Pendant une guerre, les gens ont tendance à être plus attentifs au danger - il faut dire qu'il y en a davantage. Charles Bernuth, officier dans la 7e Armée américaine pendant la Seconde Guerre mondiale, a pris part à l'invasion de l'Allemagne. Peu après la traversée du Rhin, il roulait de nuit sur une autoroute avec deux autres officiers : « Tout à coup, j'ai entendu une petite voix intérieure. Il y avait un problème sur cette route. Je le savais, c'est tout. J'ai arrêté la Jeep, au milieu des grognements et des protestations des deux autres. J'ai commencé à marcher le long de la route. Au bout de cinquante mètres, j'ai trouvé ce qui n'allait pas : nous allions passer sur un pont, mais le pont n'était plus là ! Il avait sauté et devant moi s'ouvrait un gouffre profond de 25 mètres. » 

Les gens qui ont eu ce genre de prémonitions ont survécu parce qu'ils ont tenu compte de leur sensation d'un danger. 

Ma base de données contient 842 cas de prémonition, précognition ou pressentiment humain. 70% d'entre eux concernent un danger, une catastrophe ou une mort, 25% un événement sans signification particulière et seulement 5% un événement heureux tel que rencontrer son futur époux ou gagner à la loterie. Dangers, morts et catastrophes prédominent. Cela concorde avec les enquêtes menées par la Society for Psychical Research sur des cas bien authentifiés de précognition, dont 60% concernaient des morts ou des accidents. Très peu annonçaient des événements heureux. La plupart des autres étaient sans intérêt ou neutres, bien que certains aient été assez inhabituels. Un exemple? L'épouse de l'évêque anglican de Hereford avait rêvé qu'elle faisait ses prières du matin dans le hall de l'évêché, puis entrait dans la salle à manger et voyait un énorme cochon devant la table du petit déjeuner. Le rêve l'avait amusée et elle l'avait raconté à ses enfants et à leur gouvernante. Juste après en avoir fait le récit, elle était entrée dans la salle à manger et un cochon bien réel - échappé de sa porcherie - se tenait à l'endroit précis dont elle avait rêvé. 

Beaucoup de cas de précognition sont liés au rêve, bien que souvent seuls les plus dramatiques ou bizarres restent en mémoire. Au début du XXe siècle, un ingénieur aéronautique britannique appelé J. W. Dunne a fait une découverte étonnante, résumée dans Le Temps et le Rêve, un livre remarquable. Il s'était rendu compte qu'il rêvait souvent d'événements qui allaient arriver mais qu'il oubliait généralement ces rêves.

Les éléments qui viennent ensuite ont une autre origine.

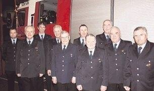 Acht Feuerwehrangehörige wurden von Bürgermeister Krüger befördert. Zusammen mit dem stellvertretenden Kreisbrandmeister zeichnete er 13 langjährige Feuerwehrleute aus, darunter nicht weniger als sechs, die der Truppe seit 60 Jahren angehören.
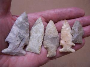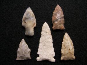FIVE AUTHENTIC CHERT POINTS FROM THE JIM BUSSEY COLLECTION
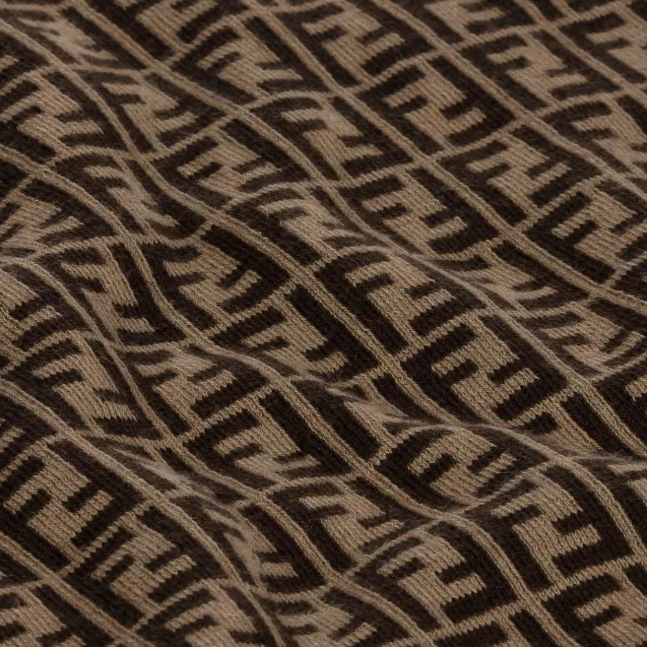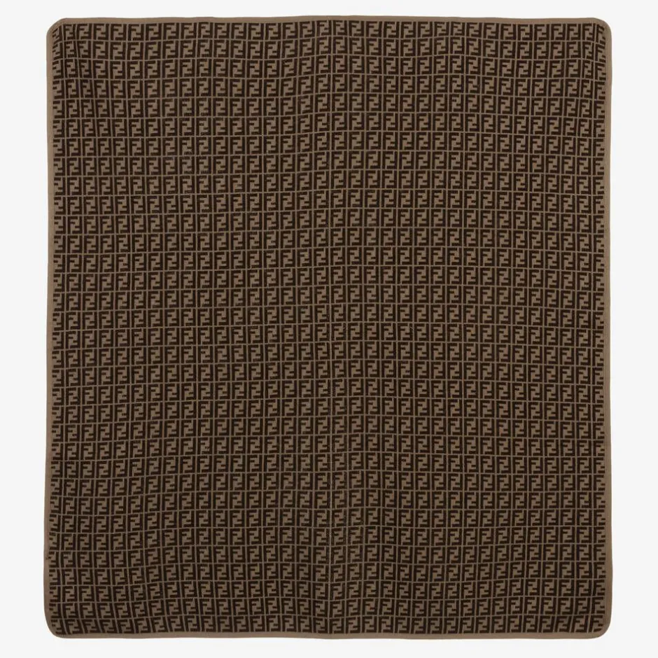 Brown and beige blanket for baby boys and girls by luxury Italian brand Fendi. Beautifully soft, it is knitted in a cotton and cashmere blend, with the brand's iconic FF logo pattern on both sides for a distinctively Fendi look.
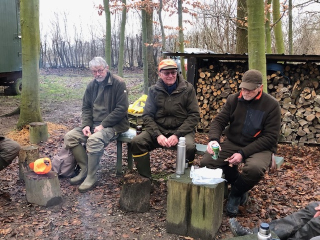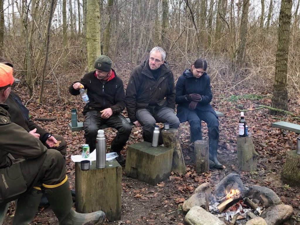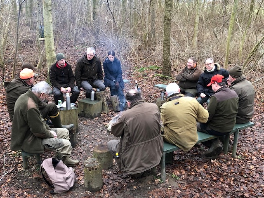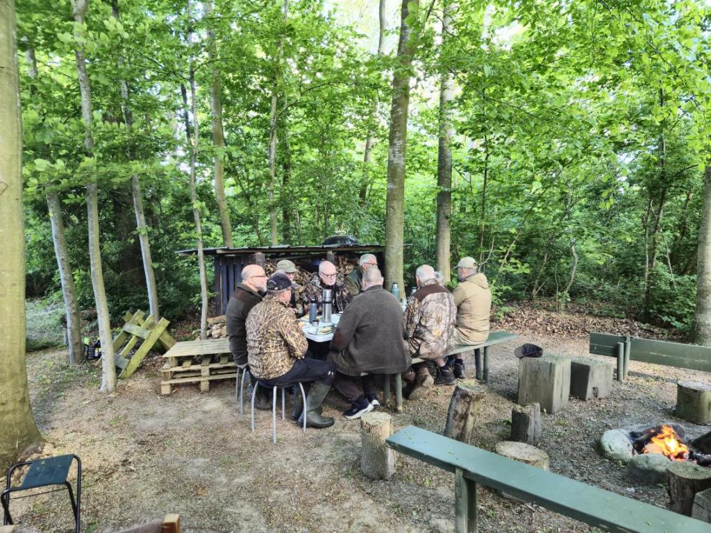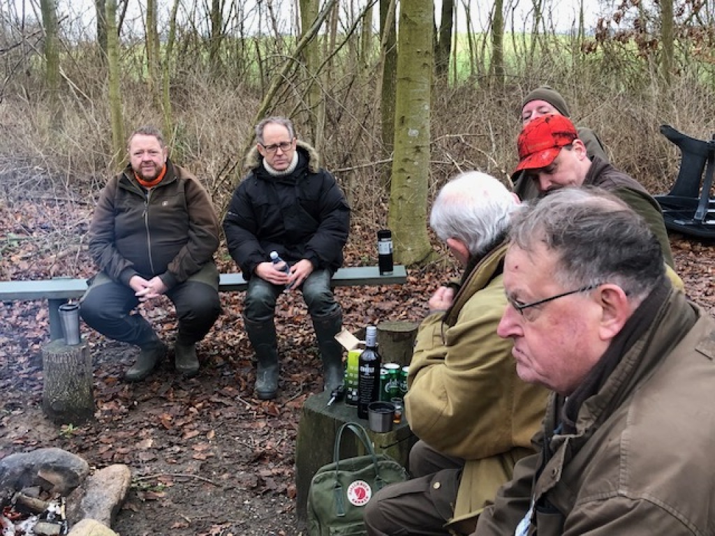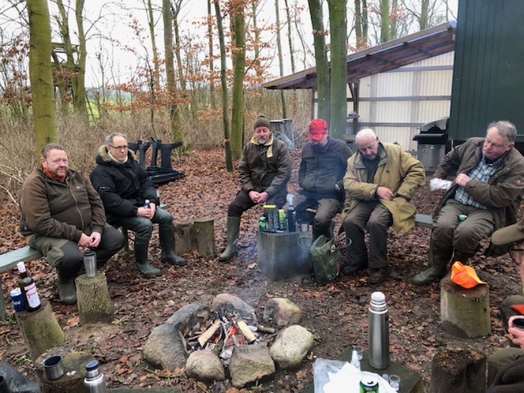 Der sluttedes af med madpakkespisning omkring bålstedet ved jagthytten, hvorefter Ole Bisp med vanlig lune røgtede hvervet som jagtfiskal. Alle tog hjem en dejlig jagtdags oplevelser rigere.

Le phénomène ne lui était devenu apparent qu'après qu'il eut décidé de tenir un carnet de rêves, les notant soigneusement juste après son réveil. Il découvrit aussi que s'il vivait souvent des expériences qui lui semblaient familières, une impression appelée « déjà vu* », il pouvait en relisant ses notes relier ces impressions à des rêves récents qu'il avait oubliés. 

Des recherches ultérieures sont venues confirmer les observations de Dunne. Les chercheurs psi ont également trouvé des preuves statistiques de la précognition lors de tests en laboratoire. Bien que ces expériences soient très artificielles, les résultats pris ensemble étaient statistiquement signifiants. 

Extraits de Réenchanter la science, Rupert Sheldrake (Albin Michel Editions), © Albin Michel, 2013. 

A propos de l'auteur 

Rupert Sheldrake est un auteur parapsychologue anglais, ancien biochimiste, notamment à l'université de Cambridge. Depuis 1981 ses écrits sont essentiellement centrés sur son concept de « résonance morphique », qui reprend celui de « champ morphogénétique ». Ses recherches incluent des thèmes comme le développement et le comportement chez les animaux et les végétaux, la télépathie, les perceptions extra-sensorielles et la métaphysique.